Militaries around the globe are keen to acquire advanced UAV technology and will eventually do so in one of three ways: by developing them indigenously, by acquiring them from non-U.S. foreign suppliers or by purchasing them from the United States. The United States cannot stop this technological proliferation, but it can influence how UAVs are safeguarded and employed by partnering more closely with nations around the globe. The U.S. has both a national security and commercial imperative to pursue such partnerships.
UAVs are increasingly vital to defense policy and war planning as well as law enforcement, anti-smuggling, coastline monitoring and border surveillance. From Beijing to Moscow, Tehran to Istanbul, Abu Dhabi to Tel Aviv, there is a fierce competition underway to develop UAV technology and capture export markets. Like fighter aircraft cooperation in the 20th century, UAV cooperation will shape international alliances and military partnerships in the 21st century.

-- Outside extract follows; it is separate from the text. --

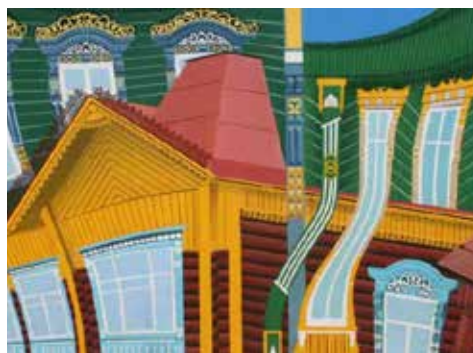
GABRIELE CASAROSA - case decorate della Russia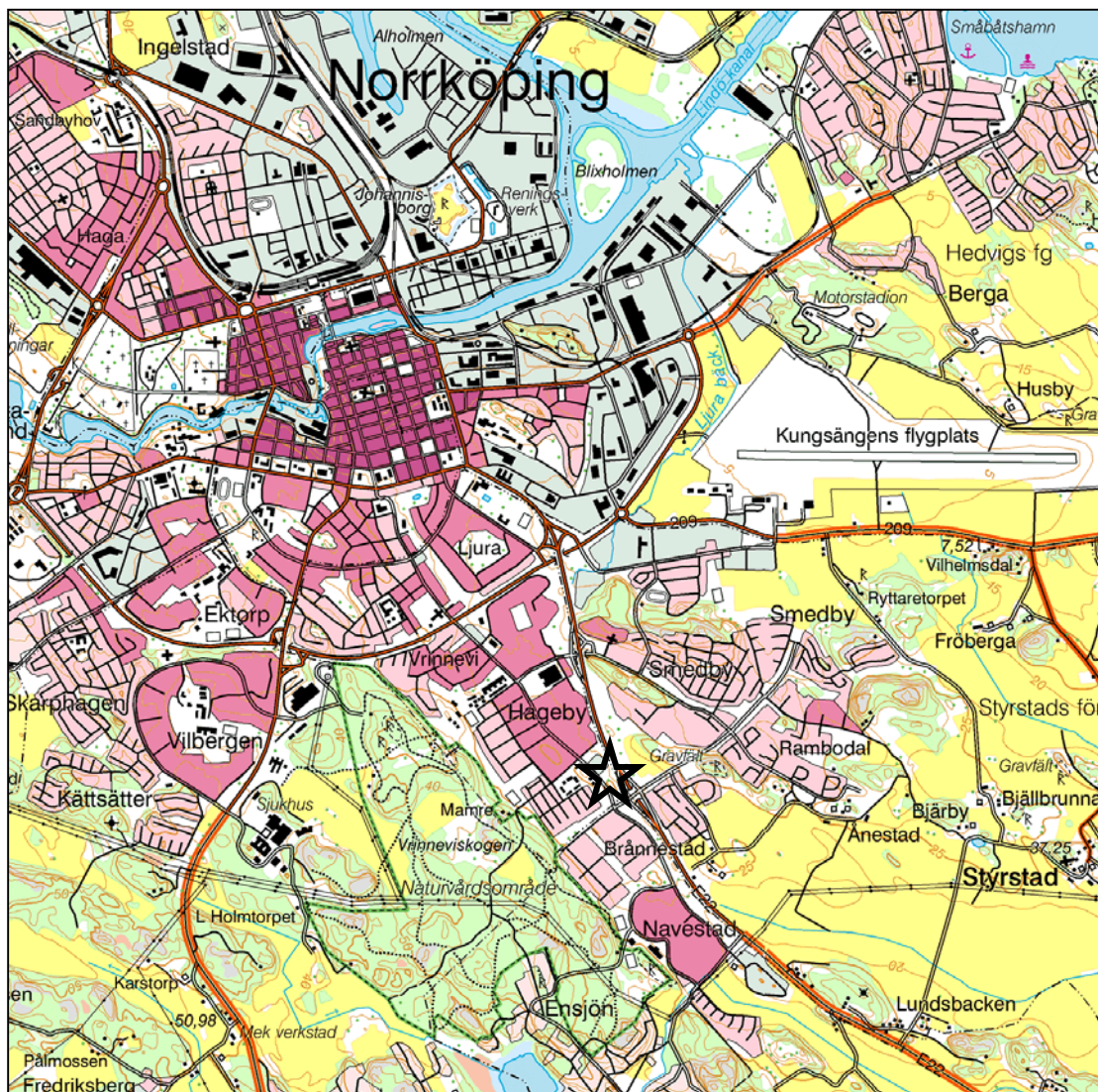
Fig 1. Utdrag ur Gröna Kartan med platsen för förundersökningen markerad.

The United States also has a vital interest preventing UAVs from being used to deliver weapons of mass destruction. Today, U.S. policy aims to do this through a cautious interpretation of the Missile Technology Control Regime (MTCR) — a non-proliferation arrangement established in 1987 to restrict the export of WMD-capable missiles. In 1992, MTCR members decided to treat UAVs with a 500kg payload and 300km range, like ballistic missiles, based on the premise that UAVs require these features to deliver nuclear weapons.
These technical parameters are arbitrary. The 500kg payload is supposed to be a minimum size of a viable nuclear weapon. Yet, Harvard’s Belfer Center reports that the minimum weight for a nuclear device is as little as 30 kg. The range restriction is also capricious considering that basic aircrafts, like blimps, can travel beyond 300 km. Whatever merit this policy had in 1992, it is illogical and self-defeating in today’s world of proliferated drones.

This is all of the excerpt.